Día Internacional de la Mujer
El contraste entre los deseos y la realidad obliga a ensayar una mirada más serena, comprensiva y desapasionada sobre la real dimensión de un desafío ante el que los deseos y la voluntad no resultan suficientes
Hoy se conmemora en todo el mundo el “Día Internacional de la Mujer Trabajadora”. Es una jornada que desde 1975 fue institucionalizada por la Organización de Naciones Unidas con el expreso propósito de llamar la atención de los organismos internacionales, los Gobiernos del mundo y la sociedad en general, sobre las dificultades que año tras año, década tras década, continúan dificultando la construcción de un mundo menos hostil para la mitad de la humanidad.
En nuestro país, tal como ocurre también el 11 de octubre, día de la mujer boliviana, la jornada se presta para hacer una evaluación sobre los avances, estancamientos y retrocesos que se registran en el proceso que conduce hacia la equidad de género.
Al hacer el balance, lo primero que debe llamar la atención es que la causa de unas relaciones más justas y equitativas ha logrado más conquistas que durante los muchos milenios anteriores.
En efecto, apenas algo más de un siglo ha transcurrido desde que en un día como hoy, una huelga de trabajadoras textiles estadounidenses sentara las bases de un proceso ininterrumpido de conquistas que en muchos aspectos ya no hay puntos de comparación. Son tan profundos los cambios, que la presencia de mujeres en los principales escenarios económicos, políticos o culturales es ya tan habitual que a las nuevas generaciones les resulta difícil imaginar algo diferente.
Sin embargo, y sin desmerecer esos logros, una mirada a la agenda informativa internacional, nacional y local resulta suficiente para comprobar que los avances empalidecen cuando se los compara con lo mucho que falta por hacer.

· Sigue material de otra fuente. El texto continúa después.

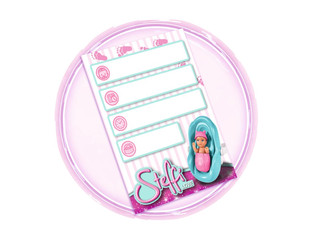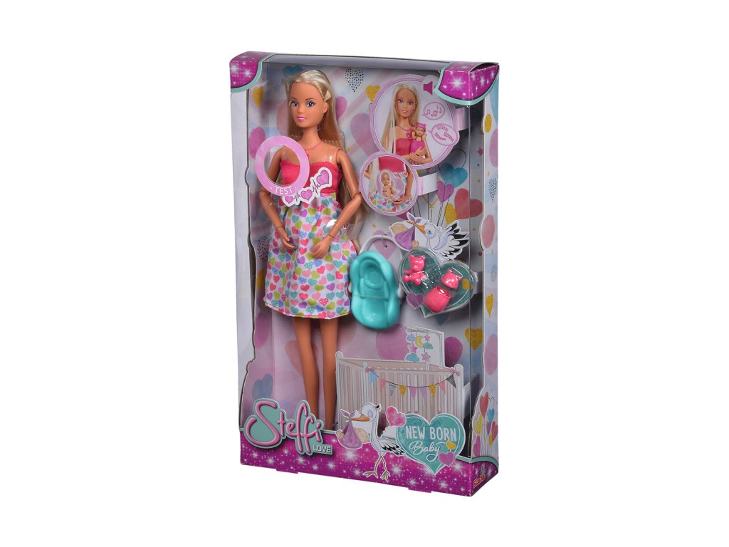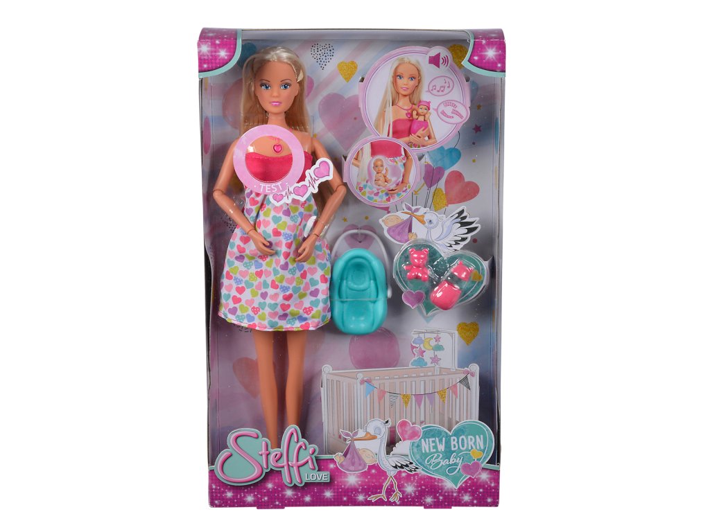 Steffi jako nastávající maminka s miminkem v bříšku. Když stiskneme tlačítko ve tvaru srdce na jejím náhrdelníku, uslyšíme tlukot srdce miminka. Když se dítě narodí a vykoukne z bříška, dá o sobě vědět křikem. Když pak znovu stiskneme srdíčko na náhrdelníku, postupně uslyšíme další zvuky - pláč, usínání při ukolébavce a smích. Sada obsahuje také rodný list k vyplnění, čepičku a zavinovačku pro novorozence, hračku medvídka a dětské nosítko. Panenka Steffi má ohebné klouby na loktech a zápěstích. Velikost panenky 29 cm.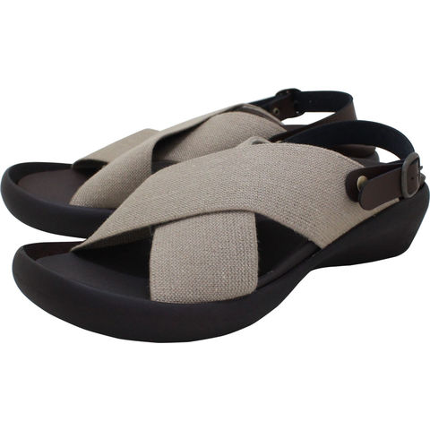 麻素材を生かしたナチュラルな風合いのクロスゴムサンダル.柔らかい肌触りでどんな足にもフィット.バックベルトは2way仕様で、使い回しのしやすい夏の定番アイテムです.
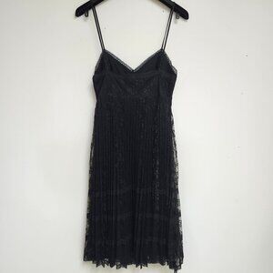 Betsey Johnson NY Women's Black Lace Sleeveless V-Neck Pleated Midi Dress Size 8
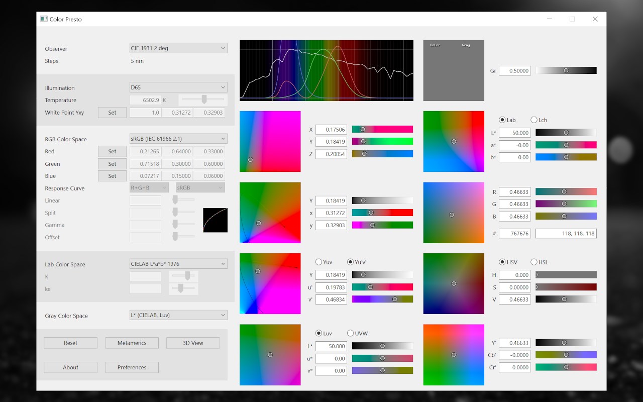 Color Presto allows you to visualize colorspaces in 2D and 3D and computes colorimetric values such as the color rendering index or metameric index.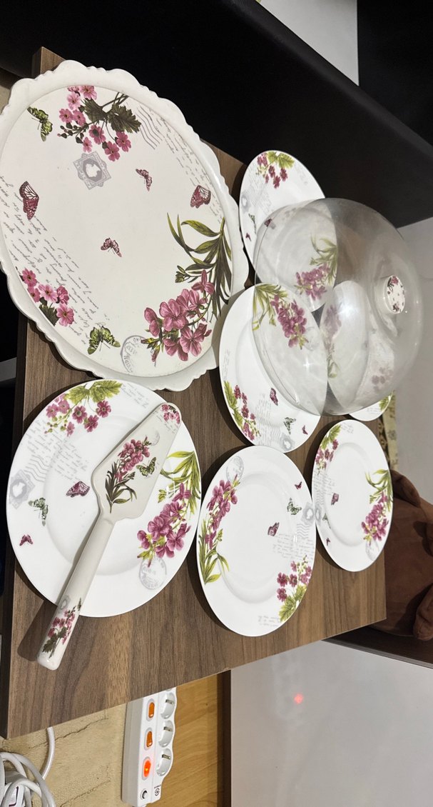 Çiçek desenli beyaz porselen tabaklar, servis tepsisi ve cam kapaklı set. Toplam 9parça Şık tatlı sunumu için uygundur. İhtiyaç fazlası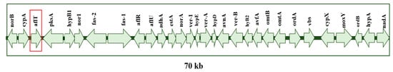 LAMP primer sets were designed to target suitable specific genes within aflatoxin and ochratoxin gene clusters as follows: aflT for A. flavus (Figure 7) and pks for A. carbonarius (Figure 8). The pks gene has been proven to be involved in the biosynthesis of ochratoxin A by A. carbonarius strains []. Although aflT does not seem to be directly related to the aflatoxin biosynthesis pathway, it is part of the AFB1 cluster and codes for a fungal transporter among the major facilitator superfamily []. Furthermore, this gene allowed the design of species-specific primers to detect A. flavus. Gene sequences for target species and phylogenetically close microorganisms were obtained from the NCBI gene database https://www.ncbi.nlm.nih.gov/gene/ (accessed on 31 January 2022). The alignment of these genes was conducted using the Clustal Omega tool https://www.ebi.ac.uk/Tools/msa/clustalo/ (accessed on 10 February 2022) in order to include all available strains and exclude closely related species. LAMP primer sets were designed using primer explorer 5 provided by Eiken Chemical Co., Ltd. Tokyo, Japan http://primerexplorer.jp/lampv5e/index.html (accessed on 10 February 2022) in. Each set contained two inner primers (FIP and BIP), two outer primers (F3 and B3) and two loop primers (LF and LB). Loop primers were manually designed to expedite the reaction and increase its sensitivity.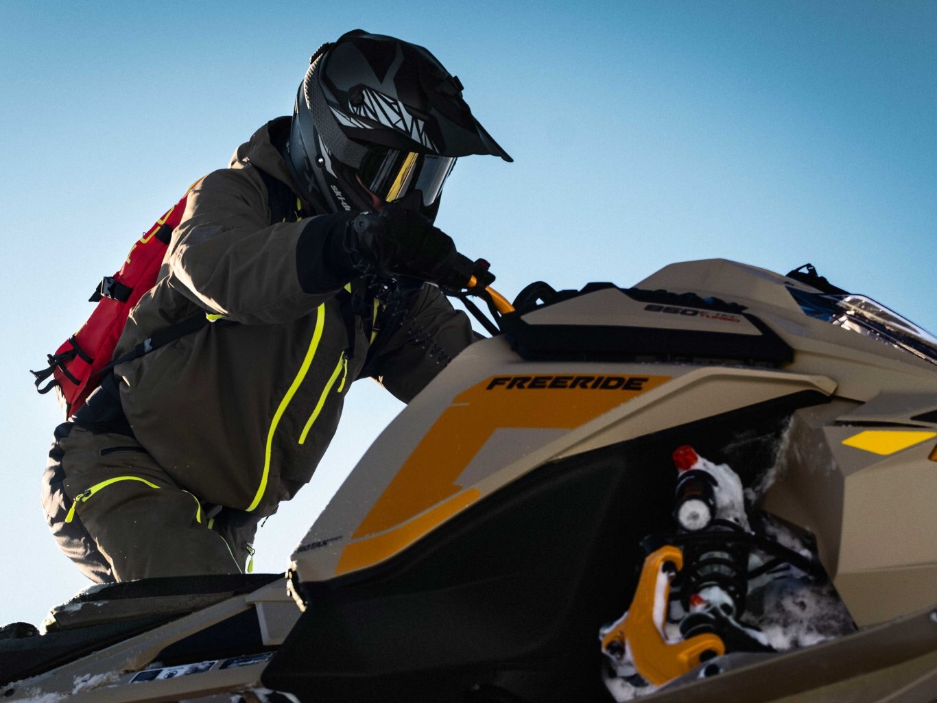 The Freeride is the deep-snow snowmobile built for riders who go big and don't look back. Built with a big attitude for big drops and taking on the most intense terrain a rider dares to explore, there's no bigger statement this winter.

En todo el mundo –y Bolivia no es una excepción-- la causa de la equidad de género está lejos de llegar a la inmensa mayoría de las mujeres para las que las leyes y los discursos no han sido suficientes para transformar, por lo menos no en la medida de lo esperado, sus condiciones de vida cotidianas.
Los datos que dan cuenta de lo lejos que todavía estamos de una sociedad en la que ser mujer no sea una desventaja son abundantes. Indicadores como pobreza, violencia, analfabetismo, empleo, seguridad social, equidad salarial, entre muchos otros coinciden, sin excepción alguna, al señalar que las mujeres siempre llevan las de perder.
Esa paradójica relación entre los muchos éxitos y las no menos frustraciones de la causa femenina se manifiesta de muchas maneras. Se destaca, por una parte, la mayor independencia y libertad que les da a las mujeres la posibilidad de controlar su propia maternidad y la posibilidad de obtener sus propios ingresos económicos sin depender del rol proveedor masculino. Como contrapartida, sobresale la violencia de la que con creciente frecuencia y crueldad son víctimas las mujeres que se resisten a someterse pasivamente a las funciones heredadas.
Tan notable contraste indica que cambios tan profundos como los que están en curso en las relaciones entre hombres y mujeres son mucho más difíciles de lo que sería de desear. Lo que lejos de ser motivo de desaliento, debe dar lugar a una mirada más serena, comprensiva y desapasionada sobre la real dimensión de un desafío ante el que los deseos y la voluntad no resultan suficientes.